§ **WHAT IS REQUIRED**:
With the pictures omitted, set down exactly the lines from the one that contains "Además del exministro" through the last line of the data.

Items from a dataset:
────────────────────

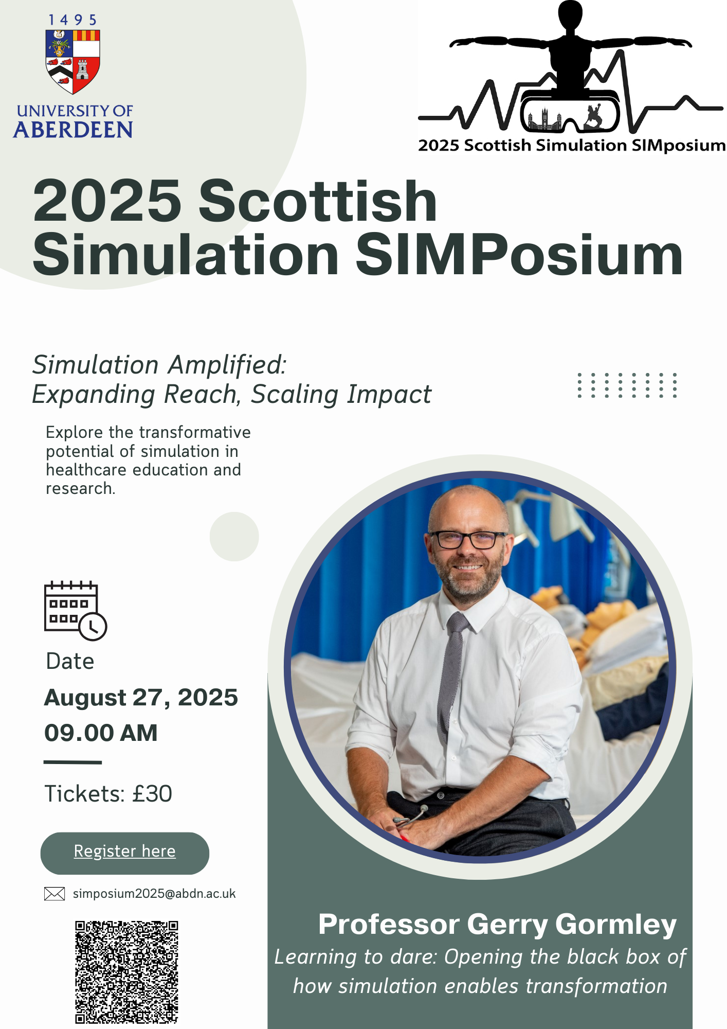 Welcome to the Scottish Simulation SIMPosium 2025, where this year’s theme, “Simulation Amplified: Expanding Reach, Scaling Impact,” highlights the transformative potential of simulation in healthcare education and research. This in-person event will take place on Wednesday, August 27, 2025, at the Suttie Centre for Teaching & Learning in Healthcare.
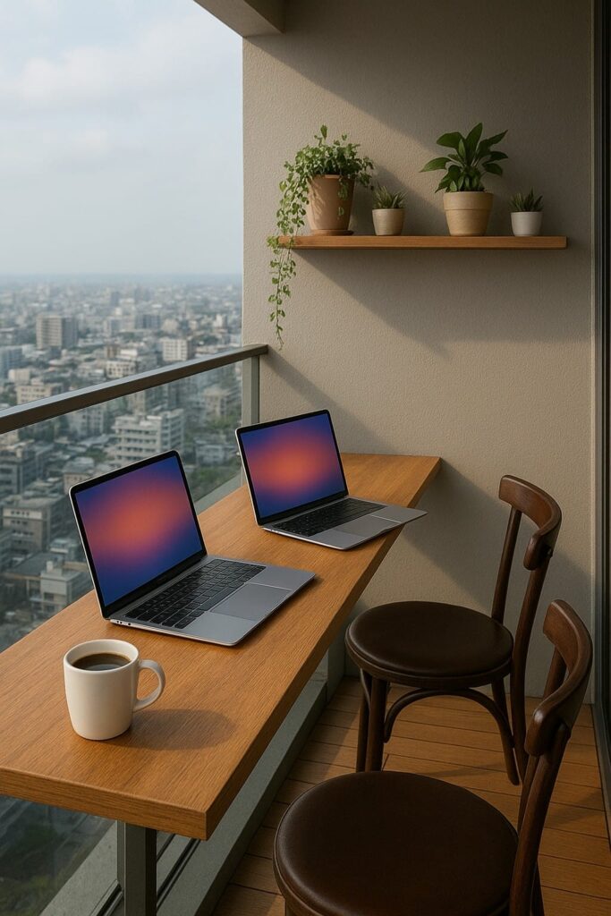 Balconies can be used not only for relaxation but also for creative activities. For instance, you can write in your journal, sketch, or work on small DIY projects. The table offers a surface to explore creativity while enjoying fresh air.
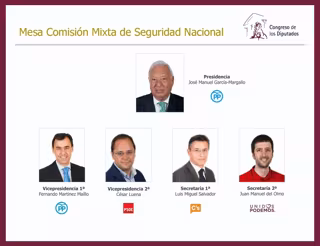 Además del exministro de Asuntos Exteriores, la Mesa de la Comisión Mixta de Seguridad Nacional se ha completado con la elección del vicepresidente primero, el 'popular' Fernando Martínez Maíllo; el vicepresidente segundo, el socialista César Luena; el secretario primero, Luis Miguel Salvador (Ciudadanos); y el secretario segundo, Juan Manuel del Olmo (Unidos Podemos).
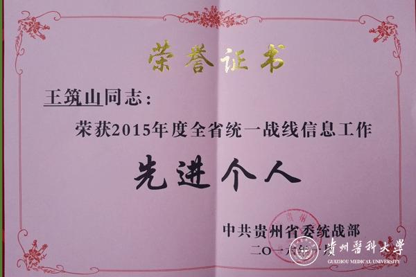2015年,在学校党委的正确领导下,党委统战部紧紧围绕学校中心工作,充分发挥统战独特优势及作用,积极传播学校统战好声音和正能量,统战宣传工作的效果及信息报送的质量进一步提升。在2016年1月召开的全省统战部长会议上,党委统战部荣获宣传工作三等奖,王筑山同志荣获2015年度全省统一战线信息工作先进个人。
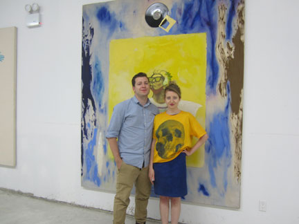 SIMON CERIGO, acrylic paint, t-shirt and found ‘vinyl’ on stretched canvas. 6 x 7 ft.
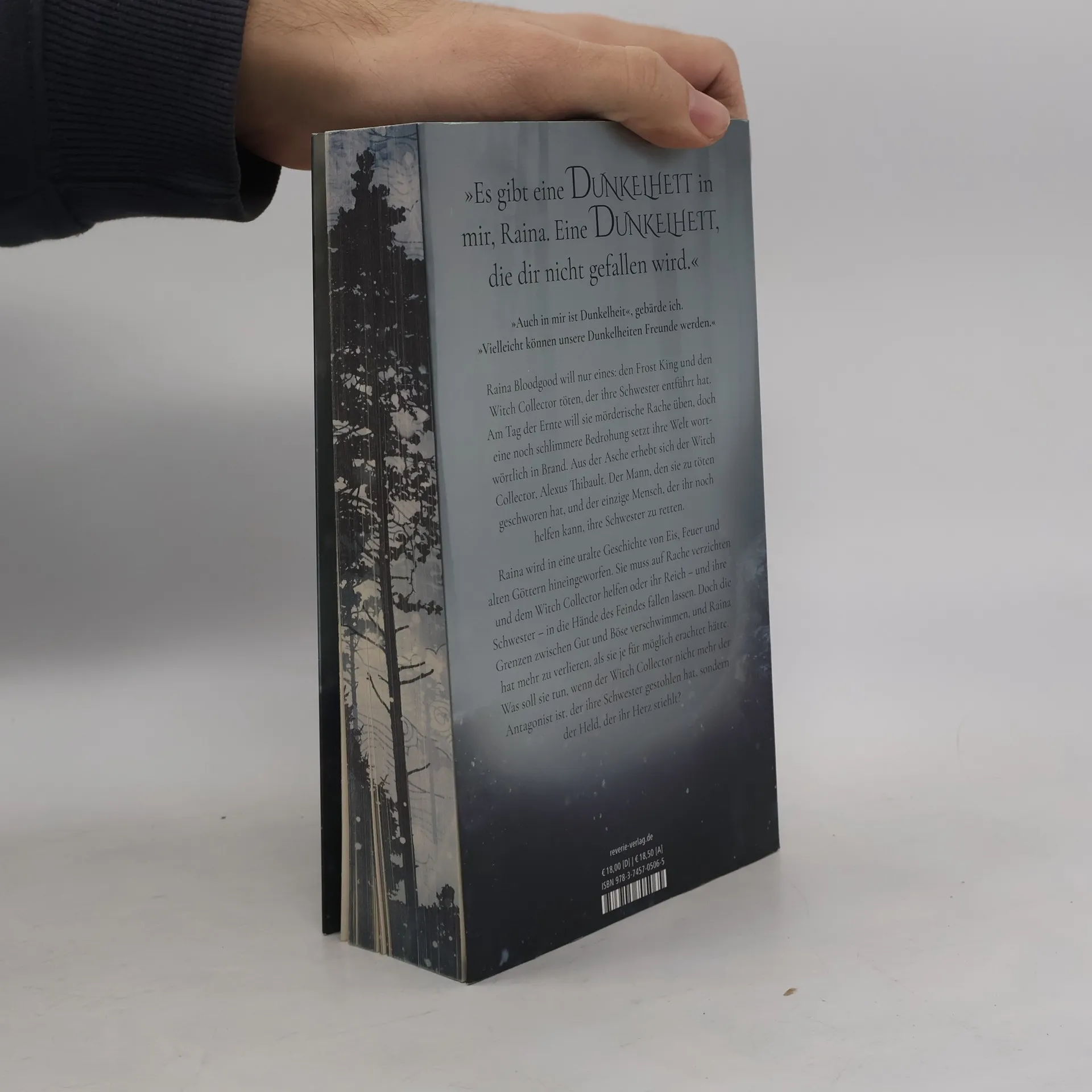 „Es gibt Dunkelheit in mir,Raina. Eine Dunkelheit, die dir nicht gefallen wird.“„In mir ist auch Dunkelheit“, gebärde ich. „Vielleicht können unsere Dunkelheiten Freunde sein.“Raina Bloodgood will nur eines: den Frost King und den Witch Collector töten, der ihre Schwester entführt hat. Am Tag der Ernte will sie mörderische Rache üben, doch eine noch schlimmere Bedrohung setzt ihre Welt wortwörtlich in Brand. Aus der Asche erhebt sich der Witch Collector, Alexus Thibault. Der Mann, den sie zu töten geschworen hat, und der einzige Mensch, der ihr noch helfen kann, ihre Schwester zu retten.Raina wird in eine uralte Geschichte von Eis, Feuer und alten Göttern hineingeworfen. Sie muss auf Rache verzichten und dem Witch Collector helfen oder ihr Reich - und ihre Schwester - in die Hände des Feindes fallen lassen. Doch die Grenzen zwischen Gut und Böse verschwimmen, und Raina hat mehr zu verlieren, als sie je für möglich erachtet hätte. Was soll sie tun, wenn der Witch Collector nicht mehr der Antagonist ist, der ihre Schwester gestohlen hat, sondern der Held, der ihr Herz stiehlt?

────────────────────

§ **OUTPUT FOR THIS TASK**:
 Además del exministro de Asuntos Exteriores, la Mesa de la Comisión Mixta de Seguridad Nacional se ha completado con la elección del vicepresidente primero, el 'popular' Fernando Martínez Maíllo; el vicepresidente segundo, el socialista César Luena; el secretario primero, Luis Miguel Salvador (Ciudadanos); y el secretario segundo, Juan Manuel del Olmo (Unidos Podemos).
2015年,在学校党委的正确领导下,党委统战部紧紧围绕学校中心工作,充分发挥统战独特优势及作用,积极传播学校统战好声音和正能量,统战宣传工作的效果及信息报送的质量进一步提升。在2016年1月召开的全省统战部长会议上,党委统战部荣获宣传工作三等奖,王筑山同志荣获2015年度全省统一战线信息工作先进个人。
 SIMON CERIGO, acrylic paint, t-shirt and found ‘vinyl’ on stretched canvas. 6 x 7 ft.
 „Es gibt Dunkelheit in mir,Raina. Eine Dunkelheit, die dir nicht gefallen wird.“„In mir ist auch Dunkelheit“, gebärde ich. „Vielleicht können unsere Dunkelheiten Freunde sein.“Raina Bloodgood will nur eines: den Frost King und den Witch Collector töten, der ihre Schwester entführt hat. Am Tag der Ernte will sie mörderische Rache üben, doch eine noch schlimmere Bedrohung setzt ihre Welt wortwörtlich in Brand. Aus der Asche erhebt sich der Witch Collector, Alexus Thibault. Der Mann, den sie zu töten geschworen hat, und der einzige Mensch, der ihr noch helfen kann, ihre Schwester zu retten.Raina wird in eine uralte Geschichte von Eis, Feuer und alten Göttern hineingeworfen. Sie muss auf Rache verzichten und dem Witch Collector helfen oder ihr Reich - und ihre Schwester - in die Hände des Feindes fallen lassen. Doch die Grenzen zwischen Gut und Böse verschwimmen, und Raina hat mehr zu verlieren, als sie je für möglich erachtet hätte. Was soll sie tun, wenn der Witch Collector nicht mehr der Antagonist ist, der ihre Schwester gestohlen hat, sondern der Held, der ihr Herz stiehlt?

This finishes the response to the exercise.